In 1958, when Merton initiated the correspondence, Milosz was living in France, a recent exile from the Stalinist regime in his native Poland. Milosz’s poetry, now celebrated in the West, was untranslated, and his reputation did not extend beyond the bitter controversy surrounding The Captive Mind (1952, trans. 1953). To the Polish exile community, Milosz’s extraordinary dissection of intellectual capitulation to communism was tainted by his having served the regime. To French leftists, the book was a blot on the legacy of Stalin. And to many Americans, The Captive Mind was just another anticommunist tract.

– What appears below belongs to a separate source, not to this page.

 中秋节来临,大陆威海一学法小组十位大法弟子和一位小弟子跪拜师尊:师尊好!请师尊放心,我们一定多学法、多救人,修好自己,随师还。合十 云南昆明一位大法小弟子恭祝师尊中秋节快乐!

Faggen, a professor of literature at Claremont McKenna College, explains why Merton’s reading of The Captive Mind was so distinctive: he "recognized that the book was not simply a condemnation of Communism but an attempt to understand the lure of Marxism in the wake of the erosion of the religious imagination." Merton’s stance was clearly congenial to Milosz, whose wife and two sons had emigrated to America but whose own visa was being delayed on suspicion that, as a former official of the Polish government, he might be a spy. About his time in France, Milosz wrote, "I live in a little town near Paris and look at that literary turmoil with a dose of scorn—do not accuse me of pride as this is not my individual pride, I share it with young writers from Poland who visit me here, perhaps we all are more mature—at a price." Throughout the correspondence, which ranges beyond politics into fundamental questions of art, faith, and morality in a world darkened by war and genocide, this tension between pride and maturity is central.

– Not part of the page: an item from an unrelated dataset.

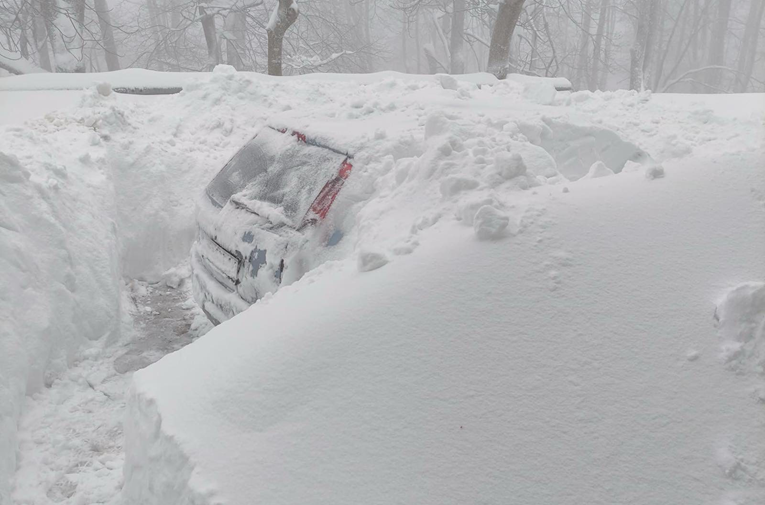 Na samom vrhu, visina snijega prelazi 70 centimetara, dok na pojedinim mjestima snježni nanosi dosežu i preko 150 centimetara, zbog čega su pojedina vozila u potpunosti zatrpana i gotovo nevidljiva, prenosi Index.hr.

Of the two writers, Milosz is the more relentless self-examiner. He agrees with Merton that it is important to resist group causes and political labels, but he goes on to offer a striking meditation on why such resistance should not be regarded as heroic: "Pride or ambition sometimes mislead us when we want to be individuals and not just members of a group. But in general pride or ambition by breaking etiquettes is a positive force—and exactly for this reason writing, as self-assertion, is for me something suspect."
Faggen observes that while in the first letters "Milosz’s eager response to Merton reveals his need for a spiritual father,... Milosz appears to take on that role himself as the correspondence develops." This is true in certain realms, notably the political. Yet some of the most affecting passages are those in which Merton counsels Milosz not to regard exile as a dead end: "What you write for Poland will be read with interest everywhere. You do not have to change your mental image of your audience. The audience will take care of itself." Wise words, not only reassuring but prophetic—and, for one of the greatest poets of our troubled century, exactly the help most needed.